Volcano plots results showed that the different genes among ECs, fibroblasts, EPCs, B plasma cells, and myeloid cells (Figure 1I). To investigate the biological processes of different cell types, by using GO-BP enrichment analysis (Figure 1J), we identified that EPCs were mainly enriched in ATP synthesis coupled electron transport, mitochondrial ATP synthesis coupled electron transport, cytoplasmic translation, proton motive force-driven mitochondrial ATP synthesis and mitochondrial respiratory chain complex assembly. Further GSEA (Figure 1K) of EPCs was performed according to GO-BP terms.

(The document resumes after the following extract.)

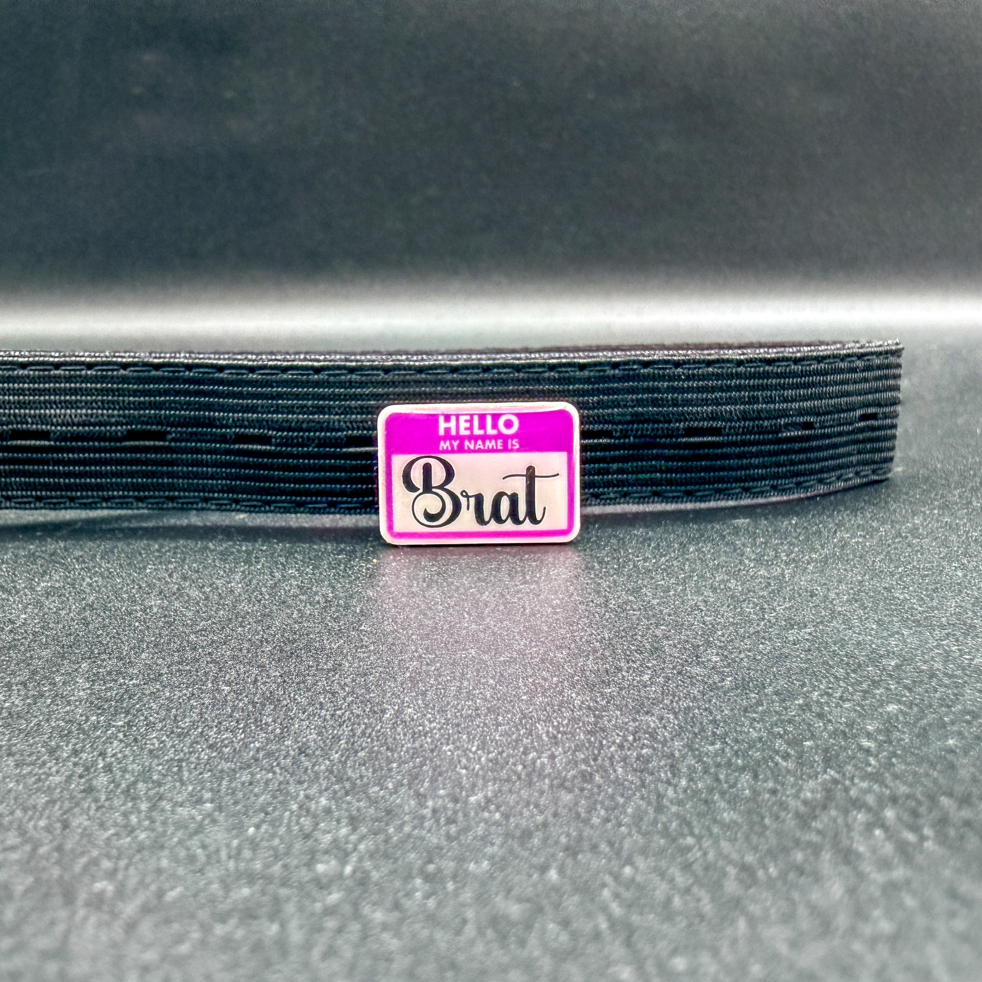 Showcase your identity with our Hello, My Name is Brat charm!

The results showed that pathways such as mitochondrial electron transport, NADH to ubiquinone; oxidative phosphorylation and ATP synthesis coupled electron transport showed a positive enrichment trend, by comparison, pathways such as adaptive immune response and extracellular structure organization showed a trend of negative enrichment in this genome.

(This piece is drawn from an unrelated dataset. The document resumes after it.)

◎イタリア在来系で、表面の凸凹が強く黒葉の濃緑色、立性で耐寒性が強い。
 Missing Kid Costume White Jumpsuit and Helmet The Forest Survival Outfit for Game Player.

3.2 Visualization analysis of bladder cancer tissue cells
The findings of various studies have demonstrated that the presence of TCs can trigger significant alterations at a molecular, cellular, and physical level within the surrounding tissue, leading to the formation of a specialized environment known as the TME. During the initial stages of tumor development, there is an intricate interplay between cancer cells and various components of this microenvironment, facilitating tumor survival, local infiltration, and metastatic dissemination (39). Therefore, TCs are the real culprit of tumor development. We first used the infer CNV algorithm to successfully separate 19,621 bladder cancer cells from EPCs based on CNV (Supplementary Figure S1). Next, we identified six subpopulations of bladder cancer cells based on the level of marker genes expression. The circle diagram showed six cell subpopulations. These were C0 FABP4+ TCs, C1 S100A8+ TCs, C2 TFF2+ TCs, C3 CRH+ TCs, C4 BIRC5+ TCs and C5 IL32+ TCs. In addition, we used UMAP plots to show the nCount-RNA, nFeature-RNA, G2M.Score and S.Score of each subpopulation (Figure 2A). Subsequently, the bubble plots showed the marker genes of different tissue cells and subpopulations (Figure 2B). According to the comparison of named gene expression of each subpopulation of tumor cell in bar charts, C0 was characterized by high expression of FABP4. The high expression of S100A8 characterizes C1, while C2 was characterized by the elevated expression of TFF2. Similarly, C3 was distinguished by its heightened expression of CRH, and C4 exhibits a notable increase in BIRC5 expression. Lastly, the high expression of IL32 served as a defining feature for C5. UMAP plots showed the named gene expression of each subpopulation, which was consistent with the results of bar charts (Figure 2C).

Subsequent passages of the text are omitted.